I’m been playing around with methods such as prompt tuning and LoRA, which are parameter efficient as they only fine-tune a very small fraction (that is, <1%) of all parameters.

But for both methods, you have to cache the intermediate gradients during backprop, meaning that you don’t save on GPU memory at inference (or at most a small amount of GPU memory saved, due to not having to store optimizer states for frozen layers). For instance, I’ve had LoRA reduce GPU memory footprint for my custom model from 8.5GB -> 8.1GB, which is very minimal. Fine-tuning time reduction also isn’t really a major advantage, with finetuning the same model reduced by 20ms per batch, from 210ms to 190ms.

This begs the question - what really is the practical reason for the popularity of parameter-efficient fine-tuning (e.g. prompt tuning w/ 1.6k+ citations) if it doesn’t really save on GPU memory and training time?

I can see two possible reasons (but I’m not really convinced they really explain the ‘hype’ around parameter-efficient fine tuning):

  1. The fine-tuned model checkpoint for the downstream task is very significantly reduced. For example, in prompt tuning, we only need to save the tiny trained soft prompt (~very few megabytes), rather than the entire changed model weights (~many, many GBs) on our hard disk/SSD.
    1. But from a practical point-of-view, I feel that most people suffer from a lack of compute (e.g. GPU memory) than hard disk space. In other words, it seems that training time and GPU memory consumption are more relevant concerns than saving on checkpoint storage space.
  2. The second is robustness to domain shifts (since we are preserving the majority of the original model’s weights rather than destructively re-learning them), which was mentioned in the prompt tuning paper but not so much in the LoRA paper.
    1. I could see this as a possible reason, but the gains in performance in the prompt tuning paper in the out-of-distribution setting are marginal at best, and LoRA doesn’t mention domain shifts.

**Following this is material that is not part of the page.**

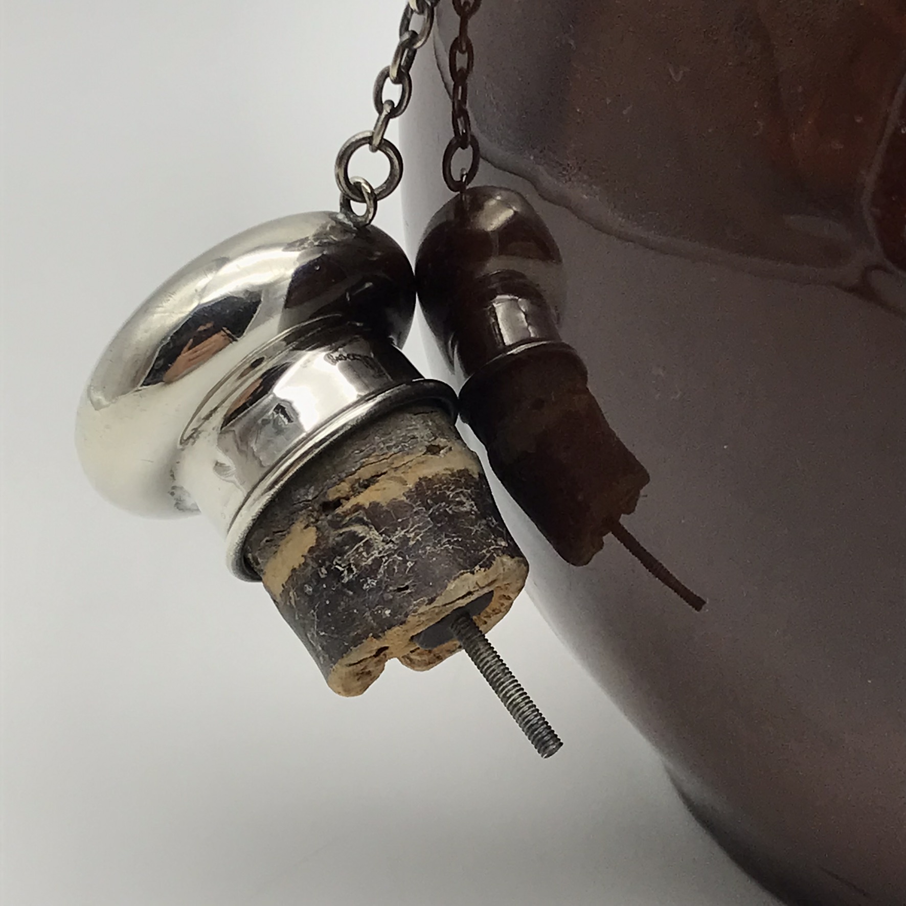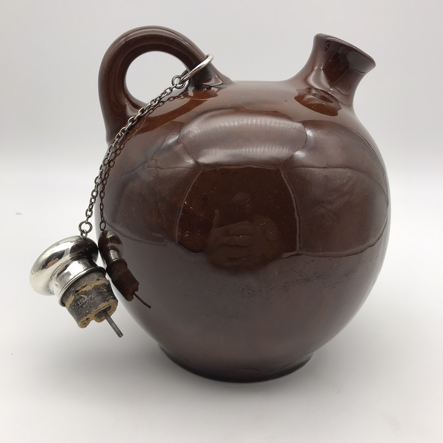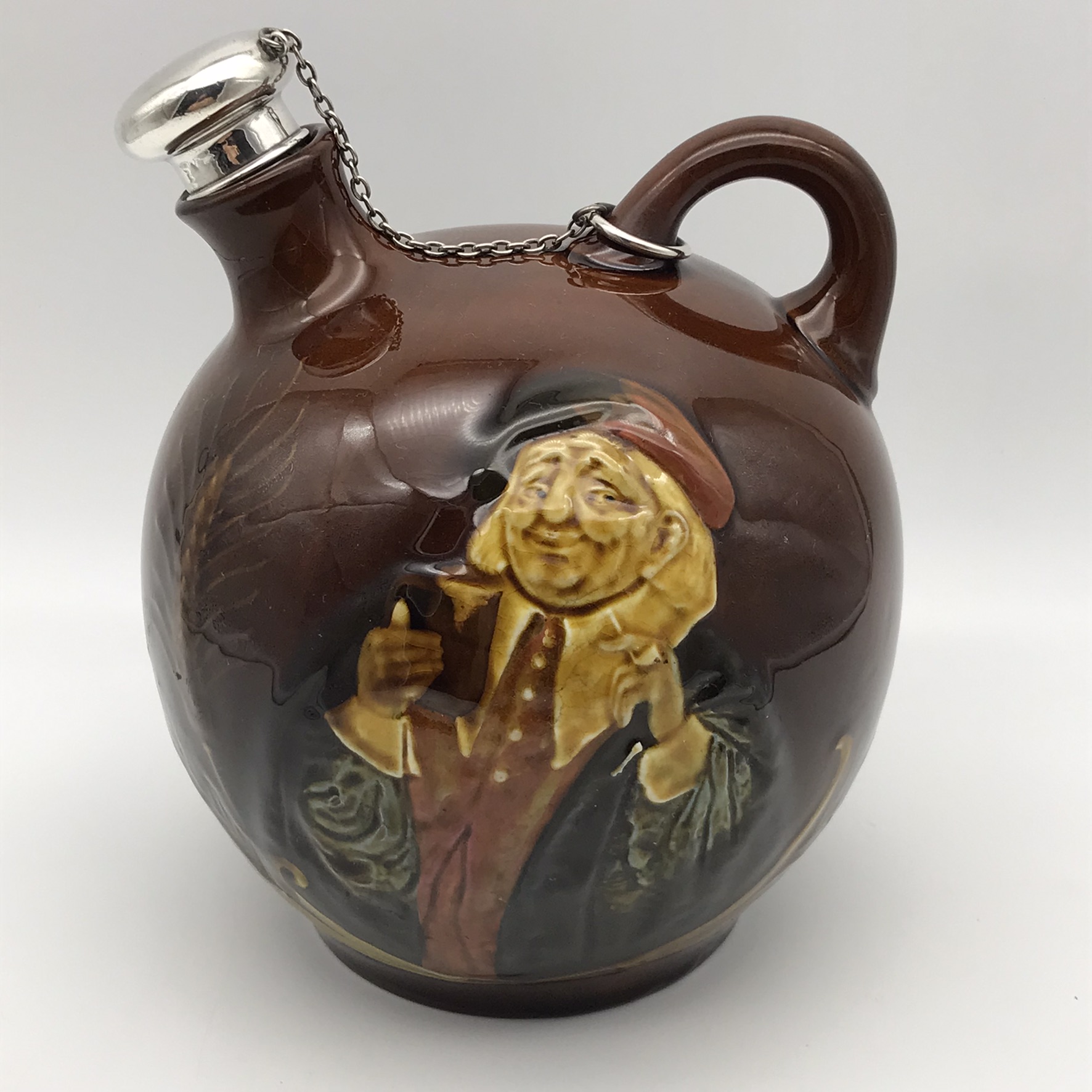 This lovely, scarce, antique Royal Doulton ‘Kingsware’ flask from the early 1900’s is quite special, as it’s complete with its original, English hallmarked sterling silver stopper and chain. These flasks rarely show up for sale with their original silver stoppers. It has an unusual globular shape with a short spout and small handle and features ‘John Barleycorn’ with a drink in hand, on the one side, all in relief. Sadly, although not very noticeable, the short spout near the top has been restored. The silver stopper is clearly hallmarked, informing us it was made in 1905, in London by silversmiths ‘George Betjemann & Sons’ (G.E & SONS), and other than the restoration mentioned, it’s in great condition and still has its original cork in the stopper. It stands 18cm high, with a rough diameter of 15cm at its widest and weighs 790g.
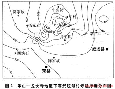 2) 下寒武統(tǒng)頁巖地層:分布面積大、范圍廣,可及整個揚子地臺區(qū),現(xiàn)今殘留面積約90×104km2。烴源巖厚度50~500m,其中厚度大于50m以上烴源巖面積約58×104km2。發(fā)育的層位相當穩(wěn)定,以下寒武統(tǒng)筇竹寺組為主,與之相當?shù)倪€有川黔鄂地區(qū)的牛蹄塘組或水井沱組、蘇浙皖地區(qū)的荷塘組、冷泉王組等。巖性主要為暗色頁巖、黑色碳質(zhì)頁巖、碳硅質(zhì)頁巖、黑色粉砂質(zhì)頁巖。上揚子地區(qū)的滇東、黔東北地區(qū)的頁巖地層普遍含磷,下?lián)P子地區(qū)夾石煤層。有機碳含量多在2.0%以上,最高可達13.64%,平均為2.77%。四川盆地下寒武統(tǒng)筇竹寺組井下樣品測試,有機碳含量平均為0.36%~5.03%,露頭樣品分析,有機碳含量平均為1.92%~2.35%(表3)。母質(zhì)類型以腐泥型干酪根為主,少量為腐殖型。干酪根δ13C為-29.82‰~-32.92‰(PDB),平均為-30.88‰,成烴潛力大。上揚子與下?lián)P子地區(qū)頁巖演化程度較高,Ro一般大于3%,最高可至5%及以上;中揚子地區(qū)頁巖的演化程度略低,Ro為2.0%~3.0%,部分還小于2.0%。目前在揚子區(qū)已發(fā)現(xiàn)的古油藏,如貴州甕安古油藏、麻江古油藏、銅仁古油藏、浙江泰山古油藏、湘西南山坪古油藏、紹興坡塘古油藏等,油源均來自于下寒武統(tǒng)烴源巖。下寒武統(tǒng)烴源巖的分布范圍、厚度及有機碳含量在區(qū)域上基本穩(wěn)定,差異不大。上揚子地區(qū)的四川盆地南部地區(qū)烴源巖厚度為200~400m,有機碳含量0.5%~5.00;至黔北、五陵、湘鄂西地區(qū)烴源巖厚度為50~500m,有機碳含量為0.5%~3.0%;江南隆起北緣生油區(qū)烴源巖厚度為200~400m,有機碳含量為0.5%~2%,至下?lián)P子地區(qū)西北部生油區(qū)烴源巖厚度是50~120m,有機碳含量為0.5%~5%;皖南、蘇南生油區(qū)烴源巖相對不發(fā)育,厚度在50m左右,有機碳含量為0.50~4%。下寒武統(tǒng)烴源巖生烴強度較高,部分地區(qū)為(100~200)×108m3/km2。四川盆地下寒武統(tǒng)筇竹寺組黑色頁巖厚74~400m,有機碳含量0.5%~4.1%,Ro為1.83%~3.26%。樂山-龍女寺地區(qū)下寒武統(tǒng)筇竹寺組發(fā)育最好(圖2),為一套淺水陸棚環(huán)境下沉積的黑色、深灰色頁巖,厚度一般為100~400m,資陽-威遠地區(qū)較厚,達250~350m,由古隆起頂部向南部坳陷區(qū)厚度大幅度增加。

(EDIT - I’m also wondering if there is there something else I’m missing to decrease GPU memory and runtime? I’ve heard QLoRA which adds 4-bit quantization of the model on top of LoRA, so perhaps that’s a way to tackle memory efficiency for LoRA. But I don’t know if there’s anything to reduce memory footprint for prompt tuning?)

  • SouthernXBlend@alien.topB
    link
    fedilink
    English
    arrow-up
    1
    ·
    10 months ago

    Not a LoRA expert, but I’m guessing that your model is also on your GPU. The majority of that 8.5GB footprint is probably just your model, meaning that LoRA actually is giving you a significant decrease in GPU memory usage added during training.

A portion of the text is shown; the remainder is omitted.